*

「おい、館長が本を読んでるぜ」「ほんと、珍しいわね」「調べ物か? 色んな文献を漁っているみたいだけど」「この前も読んでたってば」「吾輩に聞けばなんでも教えてやるのに」「どうしたどうした?」「館長が本を読んでいるのよ」「な、なんだって!」「そう言ってやるなよ、館長だって、わけもなく本を読みたい気分の時だってあるさ」
「うるっさいぞ、お前ら! さっきから聞こえてるんだよ!」
 背後からの声に、ウォレスは思わず怒鳴った。
 集中しているところに、珍獣でも見るように群がられ、しかも騒がれれば、文句のひとつも言いたくなるというものだ。本を読んでいるだけで、なぜこんなに騒がれなければならないのか。見世物小屋の猿は、こんな気分かもしれない。
 興味津々で覗き込んで魔物たちは、うわー、館長が怒ったー、などと呑気に言いながらも、散り散りに逃げていく。
「ったく……」
 完全に気配が消えたところで、ウォレスは再び本に目を落とした。
 ウォレスは、本館内部にある、連なる小部屋の一室にいた。小部屋といっても天井は高く、圧迫感はない。扉と平行に並んだ長方形の机が六脚、椅子が二十四脚、それぞれゆったりと間をあけて置かれていた。壁際には本がびっしりと詰まっている。勉強や調べ物をするには、丁度良い場所だ。そういった小部屋が、この図書館にはおおよそ百以上もあった。好きなだけ調べ物をしてくださいと言わんばかりだ。ろくに来館者は来ないにも関わらず、である。
 そんな部屋の隅に腰掛け、ウォレスは唸っていた。
 ルチアに勇者を勇者として旅立たせる方法を考えて欲しいと頼まれた夜。ウォレスは考えていた。しかし役に立ちそうな知恵を持っていない。人付き合いの経験自体が皆無なのだから、当然と言えば当然だった。あるのは砂粒ほどしかない己の経験と、世界中から集められた膨大な知識だけだ。
「光の勇者さまは、偉大だなあ」
 感嘆と呆れが混じったような言い方をした。
 ウォレスの目の前には、『光の勇者』が書かれた本が山のように置かれている。
 パライナに生きる人間なら、大抵は知っている有名な物語。史実らしいが、もう物語や神話と呼ばれるほど昔の話だ。その当時も今のような魔王がいて、その闇の魔王を、光の勇者が倒した。
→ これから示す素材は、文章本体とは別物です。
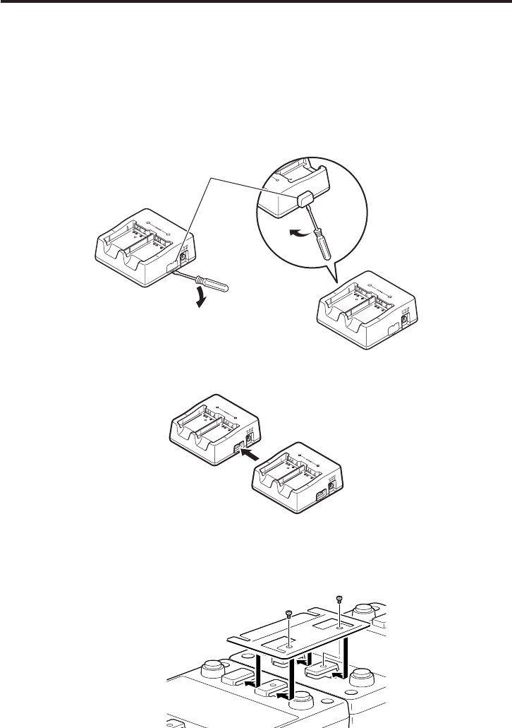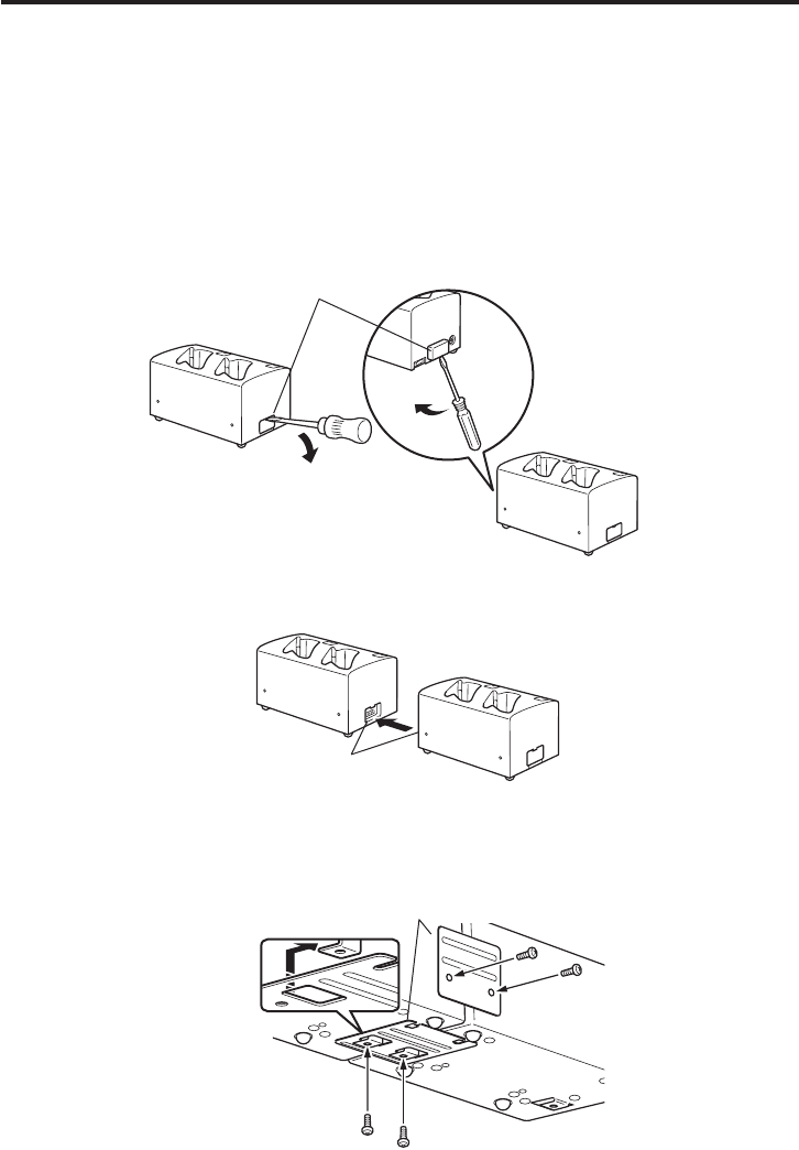 3. Turn over the connected Dual Battery Chargers and attach a connection bracket,
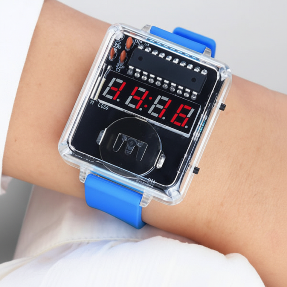 Electronic Watch Diy Transparent Plastic Case Digital Display Led Red Tube Clock Unisex FUNKY Style 22 Cm Band Buckle Closure
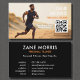 Stand out with this bold and modern personal trainer business card design. Featuring a motivational photo layout, scannable QR code, and clean contact details, it's built to impress new clients and grow your brand with confidence.
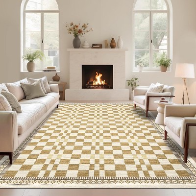 8x10 Washable Modern Area Rug, Non-Slip Foldable Distressed Print for Living Room Bedroom, Yellow
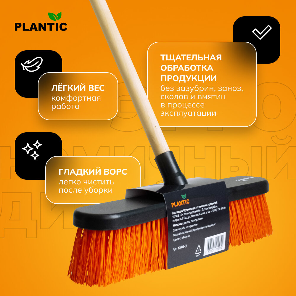 Щетка универсальная Plantic PRO 13080-01 (в собранном виде), 400х70 мм, щетина 0,5 мм, цвет черный/оранжевый
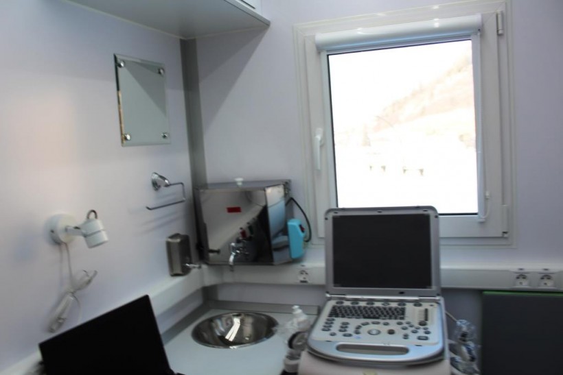 Автомобильный модуль включает в себя рентгеновские, маммографические установки, в них оборудованы УЗИ-кабинеты, лаборатории, гинекологические кабинеты.
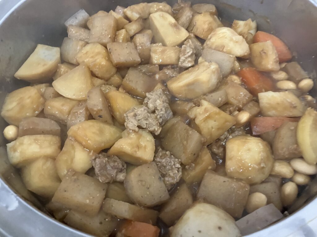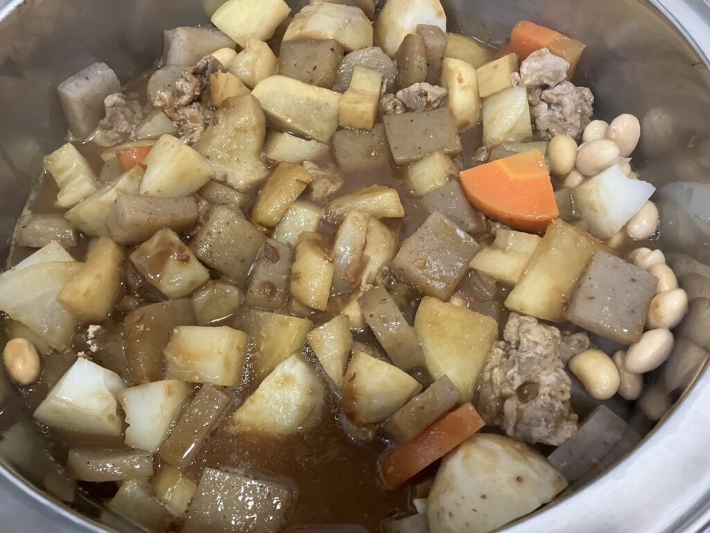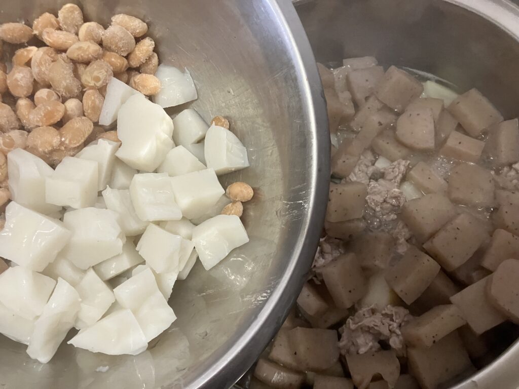 ⑤具が柔らかくなったら茹で大豆・はんぺん・砂糖・味噌を溶き入れ、煮込んだらできあがり♪
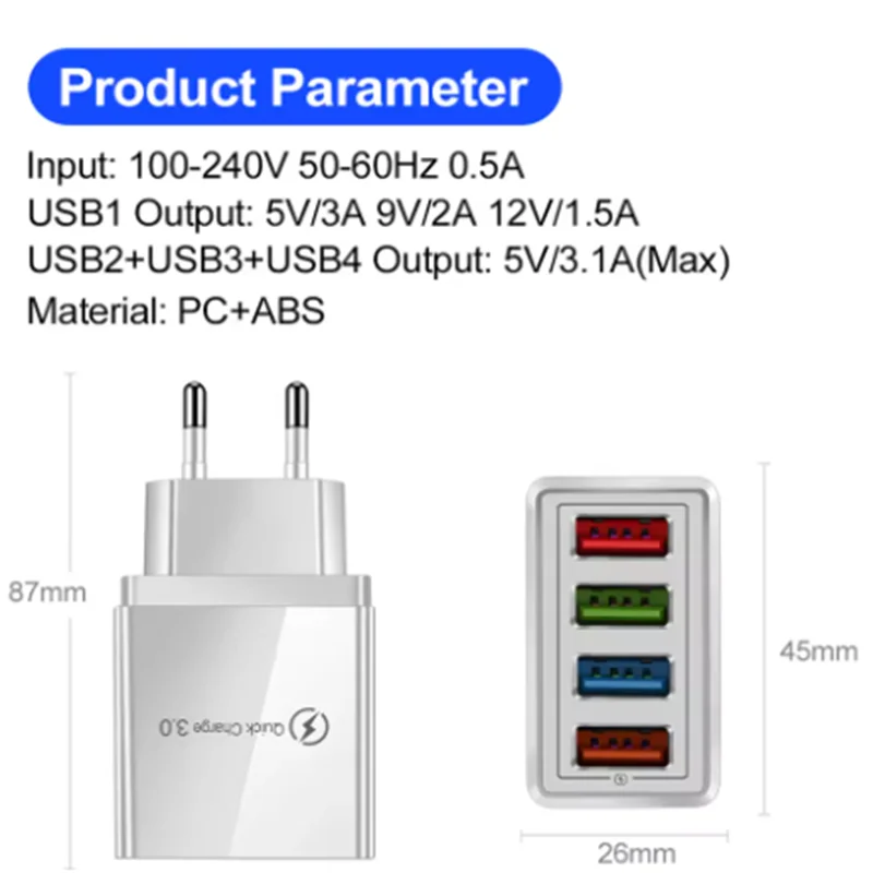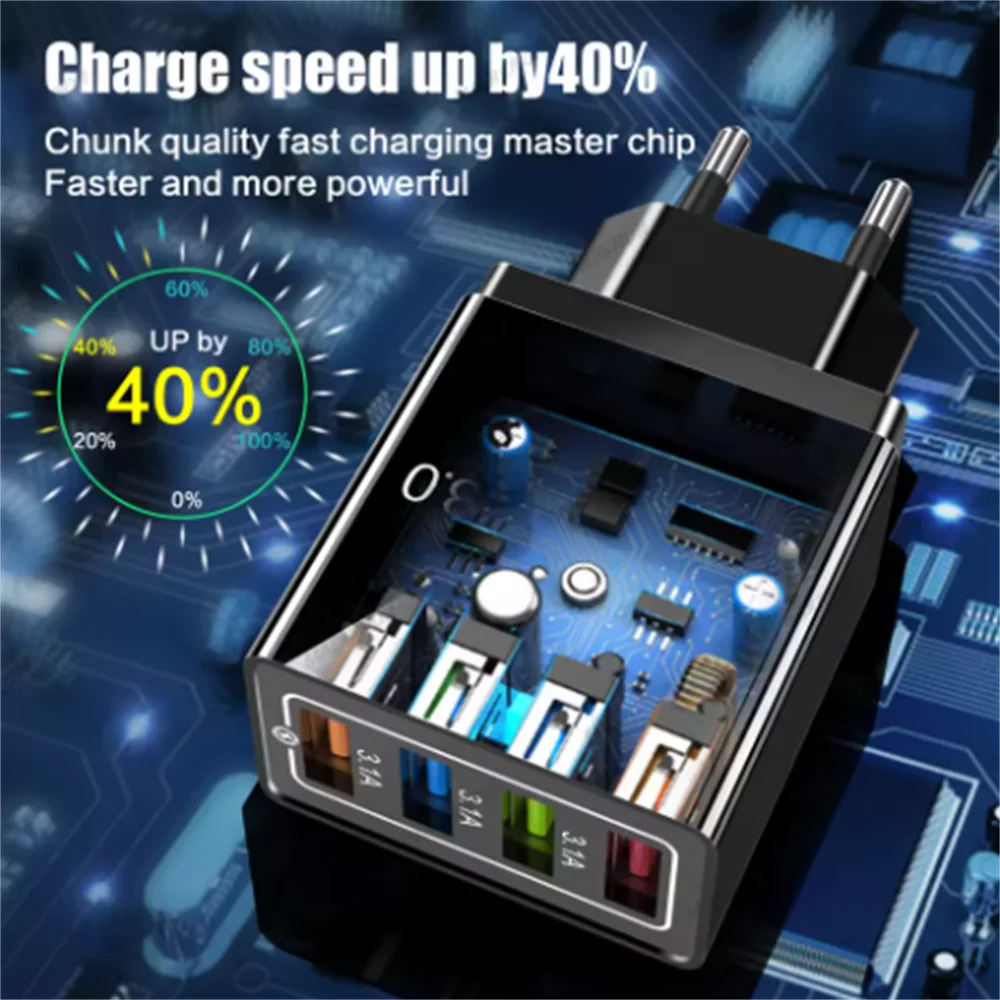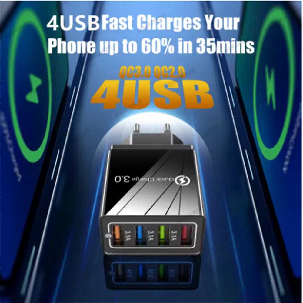 4 Ports USB Quick Charger EU Plug Phones Charger USB C Wall Charger Adapter For iPhone Huawei Samsung Xiaomi POCO Oneplus Realme

全ての物語の基盤になりそうな、ありふれたものである。
 最果ての図書館にも、単純な物語で改作し易いのか、色んな作家や詩人が書いた作品が、少なくとも百冊はあった。
 それらを一通り、旅立ちの部分を重点的に読み漁った。同じような境遇の勇者であれば、同じような苦悩と旅立ちを経験しているかもしれない。それを参考にしようと思ったのだ。しかし、驚くほどに光の勇者は潔かった。彼はどの本でも、剣を掲げて、颯爽と魔王に戦いを挑みに行った。一冊くらい、勇者が旅に出たくないと駄々をこねる話があってもいいではないか。何かしら糸口でも見つかるかと思ったが、まるで参考にならない。
「というかこれ、物語としても面白くないだろ」
 迷わず、戸惑いもしない人間は、果たして人間なのだろうか。確かに光の勇者を神の使い、または神そのものとして扱う本も、少なくない。しかしそれでは、ますます参考にならない。今回の勇者は、恐らく人間だろう。人間だとしたら、どうすれば動き出すのか。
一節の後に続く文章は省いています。